Sunday, April 5, 2009

Confessions of my heart/Letter to a friend turned blog post.

I have realized in the last few weeks that I think that I love people selflessly - in that, I give and give and give - but in reality, I'm loving people desperate for them to love me the way I love them (quite selfish if you ask me).

I constantly push and challenge the people in my life daily to be true to their passions, to be more of the person that they were created to be.
I tell my friends that they are better for the people around them when they are pursuing their passions.
Yet, still, I do not write. (This will be the most I've written in 2 weeks most probably.)

I have heard myself telling the people that I love, very simply, "I love you exactly the way that you are, but I love you enough to not let you stay that way." I've found that I am desperate to see people pursuing truth, hard truth, that pushes them to be more amazing versions of themselves.

I went to the Florida Film Festival yesterday - a friend of mine bought tickets for me - and it was incredible. I love film. I watched 4 full length films yesterday. I am so passionate about people and stories, and I get so caught up in a good story, it's magnificent.

Anyway, it's art. I think all good art (and some bad) draws you into the heart of the artist, into their brokenness and hurt, into their passion and joy. It was an emotionally draining weekend, I must say. (Art show Friday night, Film Fest Saturday, Art Fest Sunday).
I came home afterward, tears filling my eyes, and I had to face my fears.

I rarely spend time alone, because (as I realized this morning) I am afraid. I am afraid to be alone because all the things I try to hide from, the demons from which I run, catch up to me when I am alone.
I realized that I am completely terrified that no one can or will ever love me, because I do not deserve it. And much more terrifying, I simply cannot make myself believe that HE actually loves me. I'm so wretched.

There are so many more things I could say that would make these things make so much more sense (or so I think). But I'm afraid I may have already said too much, burdened you with the things that haunt my recent days.

I guess I will leave you with this, (also recent realization) I love people... I am passionate about KNOWING people. I have this desire - this aching desire - for intimacy with people; to know what makes them ache, to know what brings them joy, to know the hurt inside them that makes them live life the way that they do.

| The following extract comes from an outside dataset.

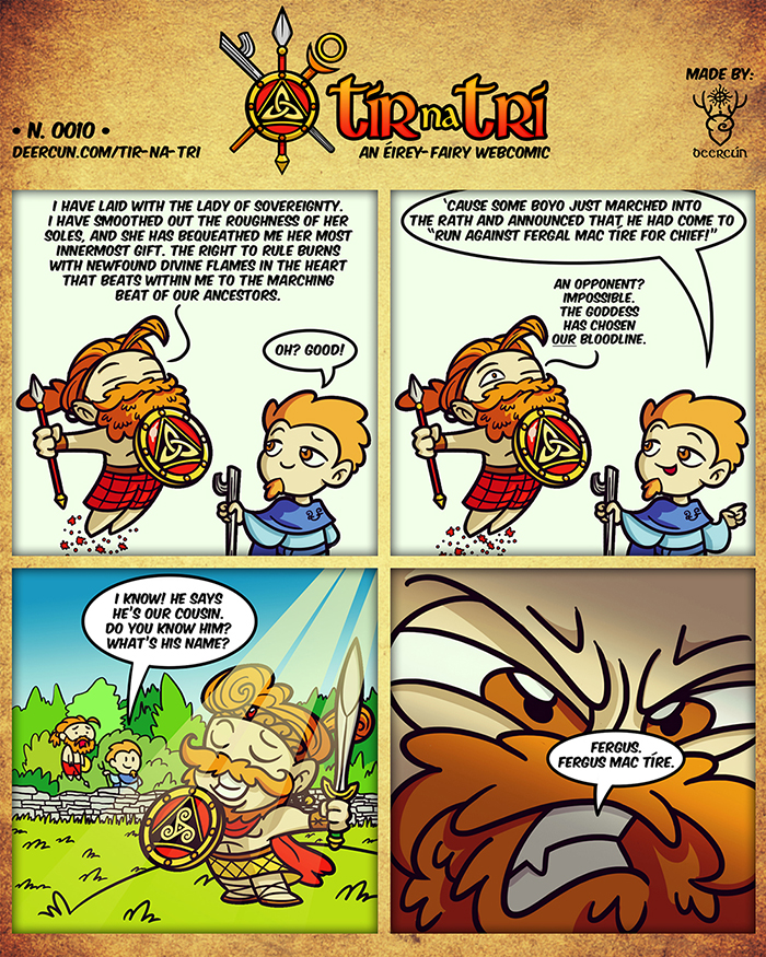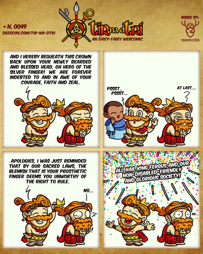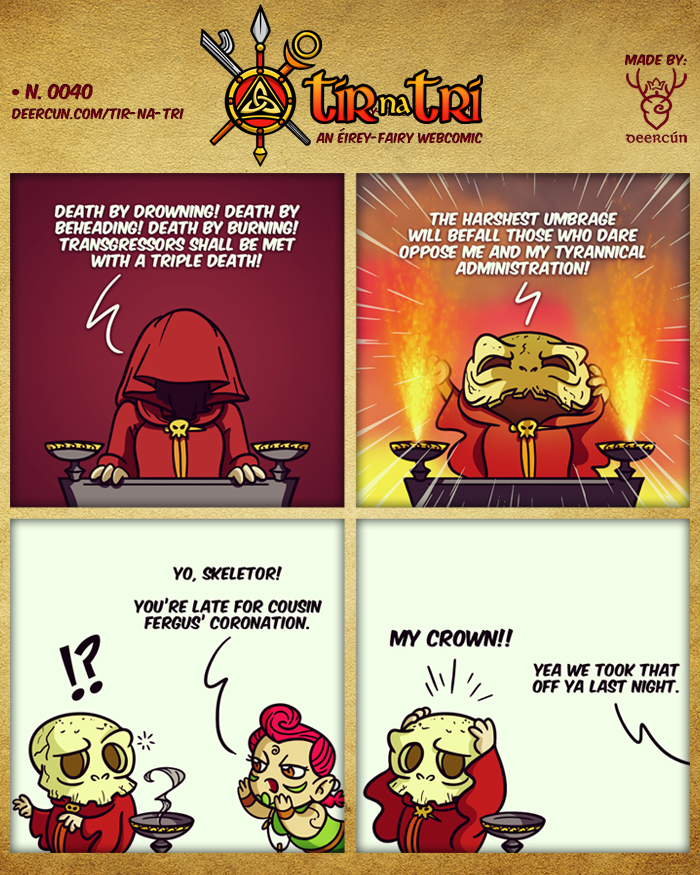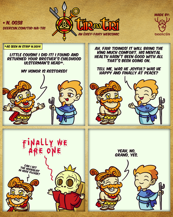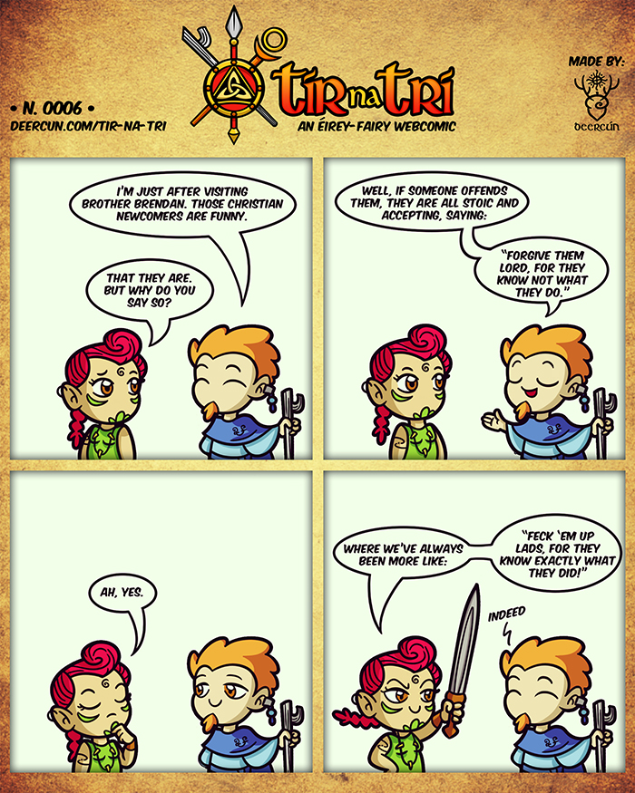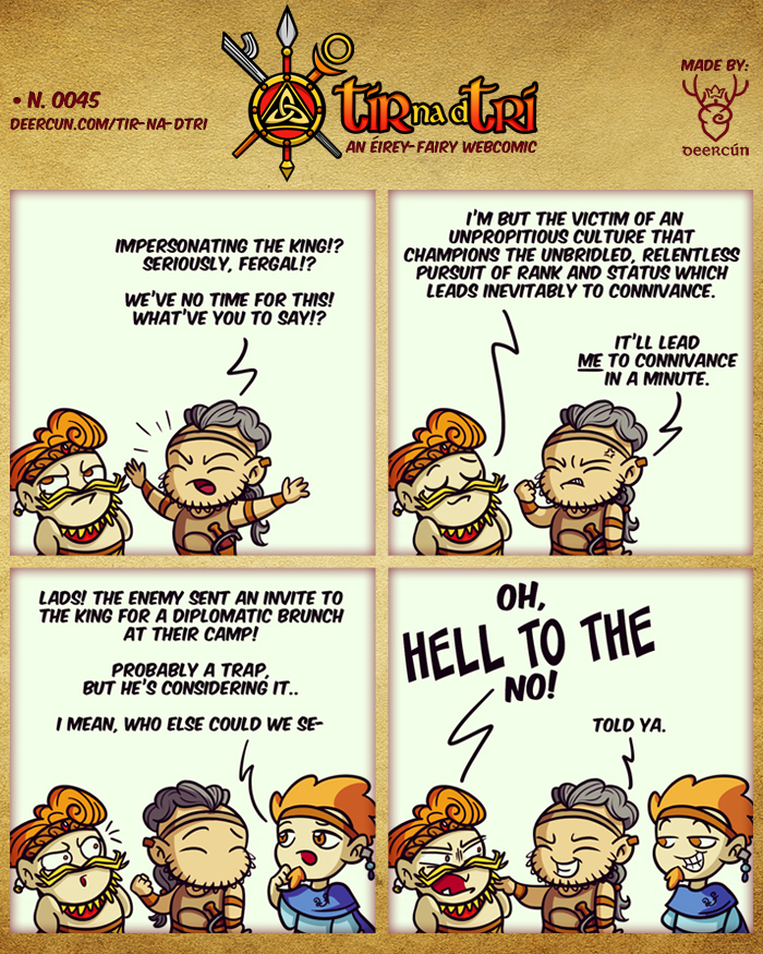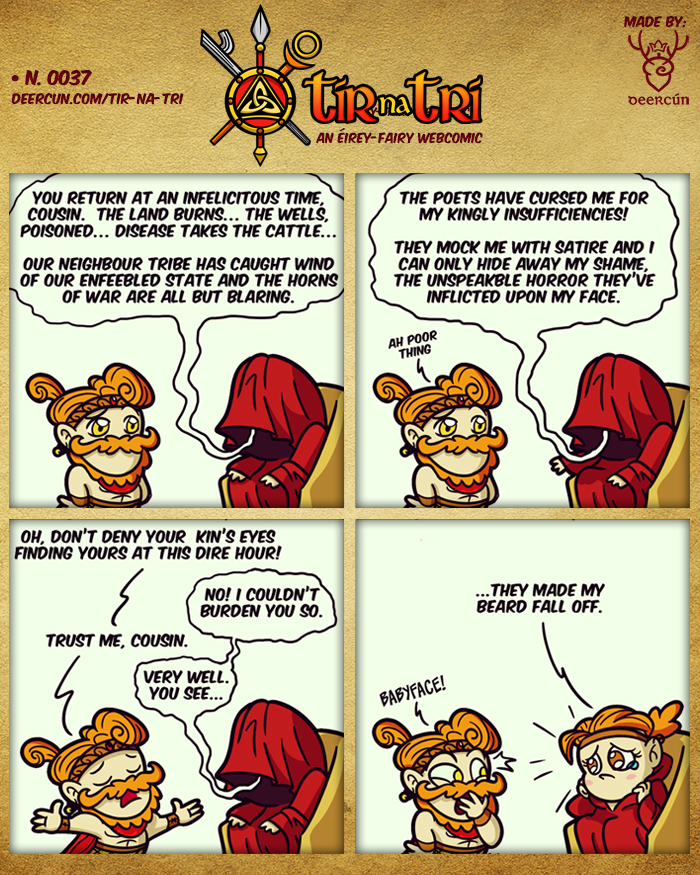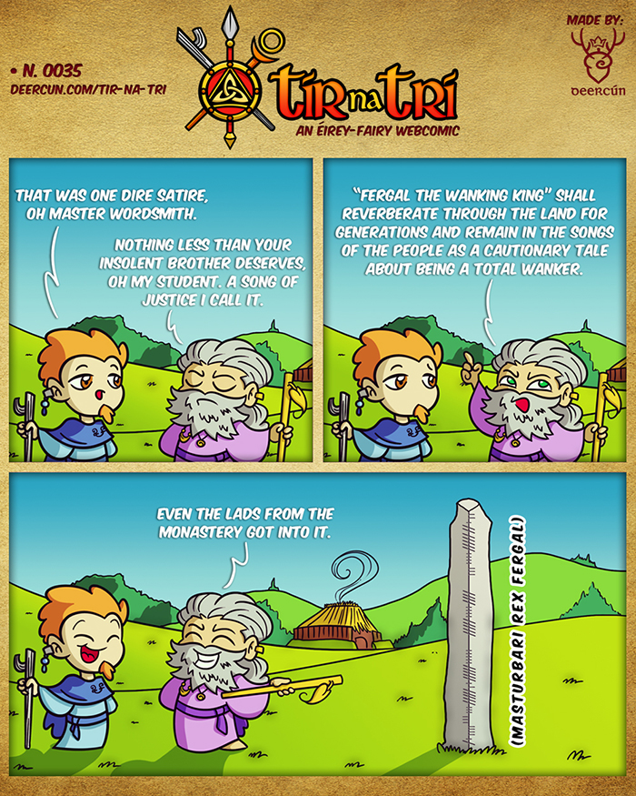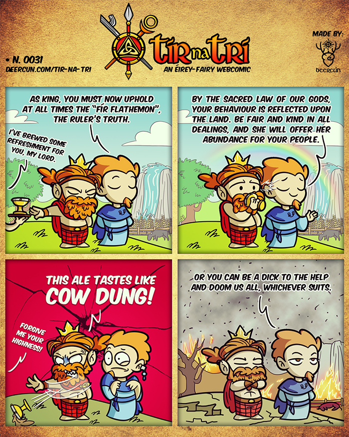 The complex and yet deeply misunderstood role of the institution of Poetry in both Pre-Christian and Christian Ireland is still way away from the reaches of this simple webcomic. It is is easy to understand, however, that in a society as psychotically obsessed with rank and hierarchy as Gaelic Ireland, reputation was EVERYTHING, and it was everything in very concise, factual ways: everything and everyone had an “honor price” which pretty much defined not only your role in society but also how good or crap you had it – moreover, your behaviour could impact your honor price and make you slide up or down the social ladder. The wrong step could turn a King into a Beggar in a wink.

This is what drives me, and I've been so terribly burnt because the people I've met in the last two to three years (since really jumping into this journey with Jesus) do not really care to KNOW the people around them. They want people to hang out with.

People want to have fun, to be carefree and happy. (Which is beautiful, and a healthy desire when there's balance to it.) People do not want to be pushed, challenged, called out on their bullshit, or faced with hard truths.

This is why I have so few friends; because so few that I meet are willing to go so deep. I can only meet and spend time with someone so many times before I'm ready to get to KNOW them; to help bear their burdens, to help them let go of those burdens, to pursue Truth together.

This is the (selfish) love I so feebly attempt to live.

Welcome to actually knowing me.

Welcome to the beginning of knowing what I mean when I say, "Love is an Action."